Je continue la série des enquêtes du mandarin Tân avec ce sixième volume, où le perspicace mandarin est remplacé par le cynique et opportuniste docteur Porc. J’avais été un peu déçu par L’esprit de la renarde, entièrement dominé par le juste et monolithique Tân et présumait que Les travers du docteur Porc apporterait une séduisante variation. C’est en effet le cas, avec ce héros calculateur et parfois cruel, aux méthodes fort différentes du brave mandarin. Si l’intrigue est faiblarde, l’univers est toujours aussi captivant et le docteur domine une galerie de protagonistes hauts en couleur. Je me suis bien amusé et j’attends le retour de Tân dans son environnement habituel pour les deux derniers épisodes.


Revues
Les Cahiers du cinéma n°801 – Septembre 2023
Pas de gros dossier dans les Cahiers de ce mois, qui se focalise sur les sorties de la rentrée. Après six ans d’absence, Kaurismäki reprend ses habitudes avec Les feuilles mortes (2023), où deux solitaires au jeu monolithique espèrent trouver dans l’amour une échappatoire à leur morne quotidien. La critique est accompagnée d’un entretien avec Jim Jarmusch, grand ami du Finlandais. Rien de transcendant à part ça. Je me pencherai un jour sur l’œuvre du roumain Radu Jude et peut-être également sur celle de Rabah Ameur-Zaïmeche, pour l’instant je fais l’impasse. La comédie dramatique Déserts (2023) sur deux pieds nickelés recouvreurs de dette au Maroc suscite ma curiosité, de même que l’horrifique Inside (2023), teen movie américain qui joue avec le folklore hindou.

En termes de patrimoine, Gharibeh va meh (1974) et Cherike-ye Tara (1979) de l’iranien Bahram Beyzaie ont l’air intéressants, avec des éléments bizarres voire fantastiques.
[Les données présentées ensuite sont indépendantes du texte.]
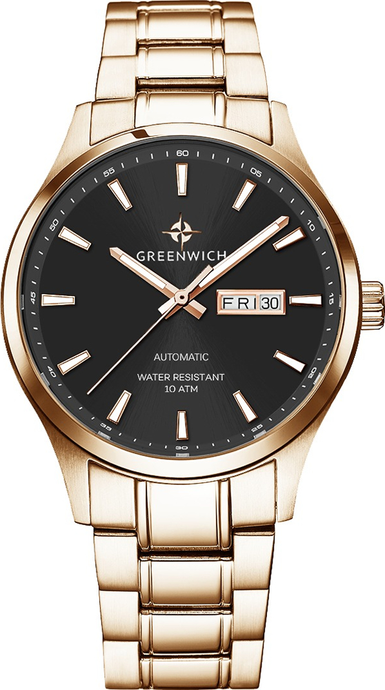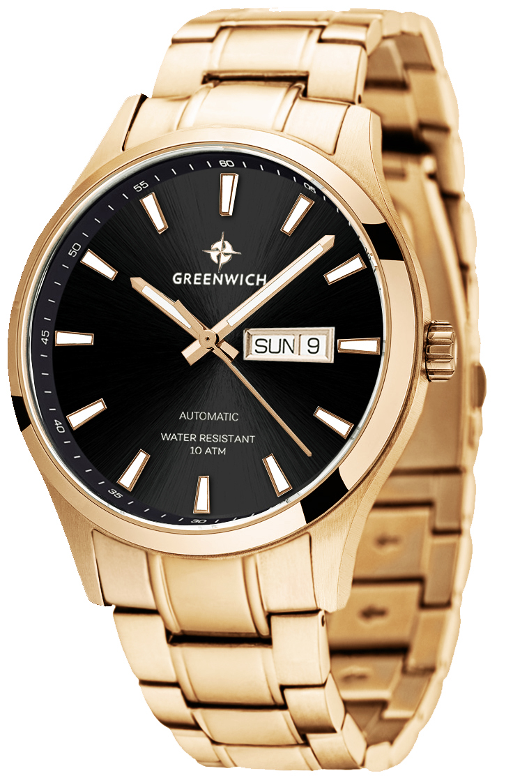 Элегантность, классика и верность традициям — основные черты дизайна часов Good Luck. Нержавеющая сталь корпуса сочетает два типа отделки — зеркальную полировку по безелю и матирование по бокам, создавая гармоничный контраст. Сквозь прозрачную заднюю крышку можно наблюдать работу автоматического механизма TMI с ротором, украшенным гравировкой парусника — символом английских мореходов — и названием серии. Черный циферблат с мягким градиентом и полированной поверхностью оформлен накладными рисками и крупными стрелками с люминесцентным покрытием, обеспечивающим отличную читаемость при любом освещении. Минеральное стекло надежно защищает циферблат, а водонепроницаемость до 10 атмосфер позволяет не беспокоиться о контакте с водой. Модель дополнена стальным браслетом с удобной застежкой-клипсой, оснащённой боковыми кнопками для комфортного использования. Автоматические часы Greenwich созданы для ежедневного ношения: они сочетают стиль, практичность и надежность, а их универсальный дизайн гармонично впишется в любой образ. Гарантия 2 года.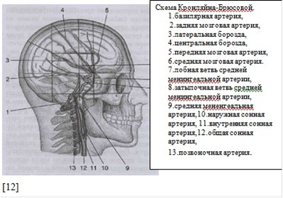 По предложению С.С. Брюсовой схему Кронляйна дополняют верхней горизонтальной линией, которую проводят параллельно нижней и средней горизонтальным линиям через точку пересечения проекция переднее мозговой артерии. Проекция задней мозговой артерии соответствует участку средней горизонтальной линии между средней и задней вертикальными линиями.

Encore du côté iranien, je pense récupèrer Les mystères du trésor de la vallée des fantômes (1974), une comédie potentiellement acerbe. Il faudra enfin absolument que je creuse la filmographie de Joan Micklin Silver, notamment Hester Street (1975), sur la communauté juive new-yorkaise de la fin du XIXe siècle.